▶ EXERCISE AIM: Could you set down the listing below exactly and omit its images?

▶ THE DATA:
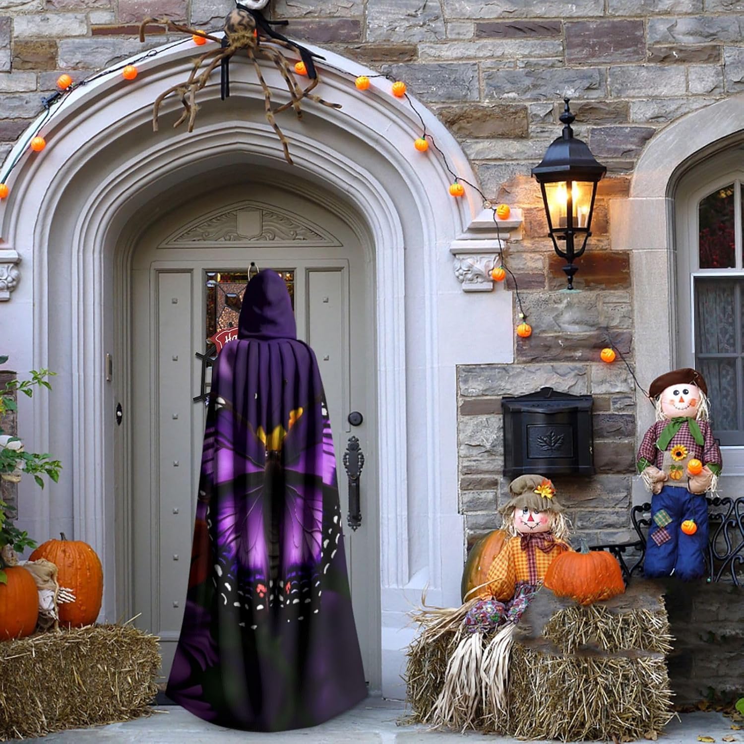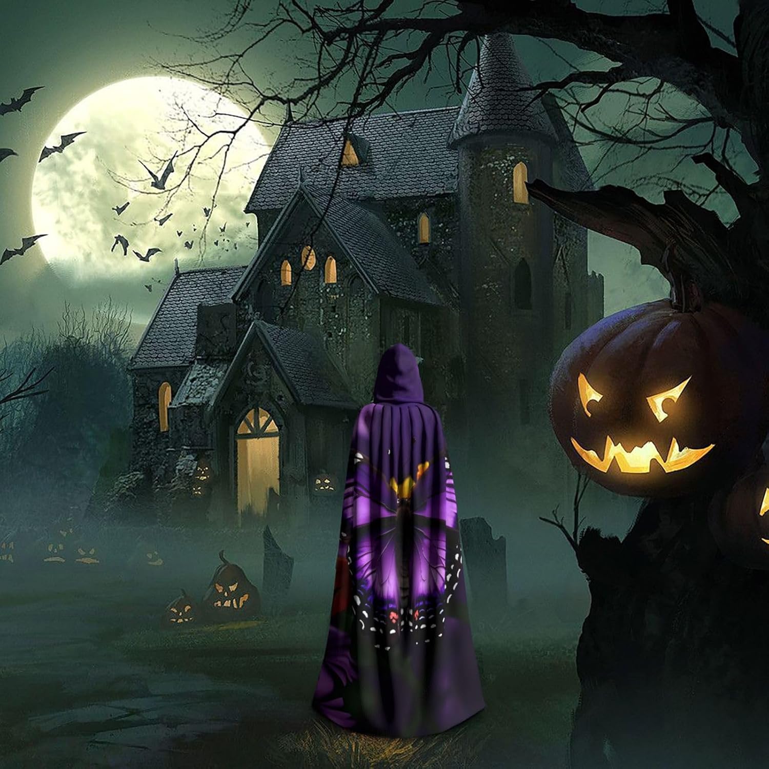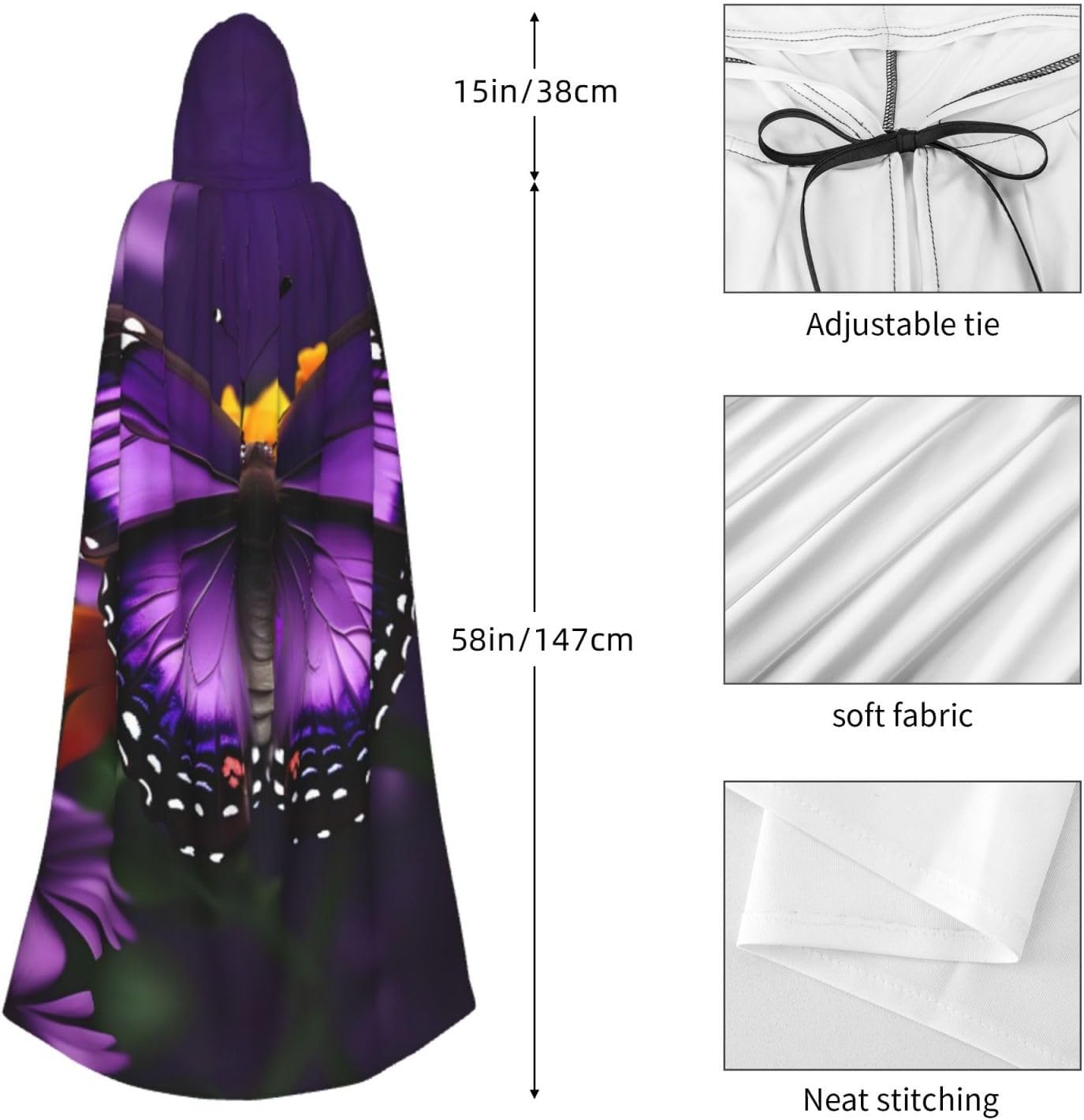 Mantello con cappuccio viola farfalla e fiore unisex Halloween Natale mantello vampiro mago vestaglia costume cosplay
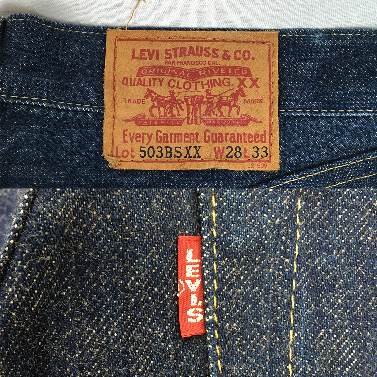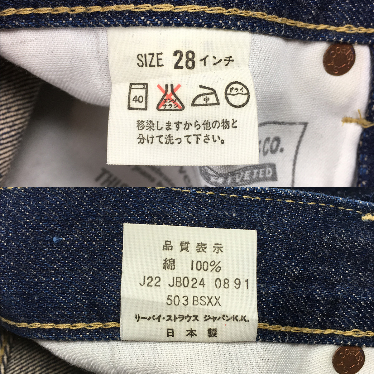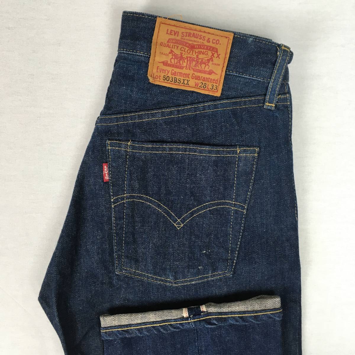 【美品/90s】LEVI'S リーバイス 503BSXX BIG'E' 日本製 91年 ジーンズ W28 L33 隠しリベット 赤耳 セルビッチ ボタンフライ 革パッチ
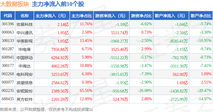 从资金流向上来看,当日大数据板块主力资金净流出102.28亿元,游资资金净流入7.36亿元,散户资金净流入94.92亿元。大数据板块个股资金流向见下表:

▶ EXERCISE RESULT:
 Mantello con cappuccio viola farfalla e fiore unisex Halloween Natale mantello vampiro mago vestaglia costume cosplay
 【美品/90s】LEVI'S リーバイス 503BSXX BIG'E' 日本製 91年 ジーンズ W28 L33 隠しリベット 赤耳 セルビッチ ボタンフライ 革パッチ
 从资金流向上来看,当日大数据板块主力资金净流出102.28亿元,游资资金净流入7.36亿元,散户资金净流入94.92亿元。大数据板块个股资金流向见下表:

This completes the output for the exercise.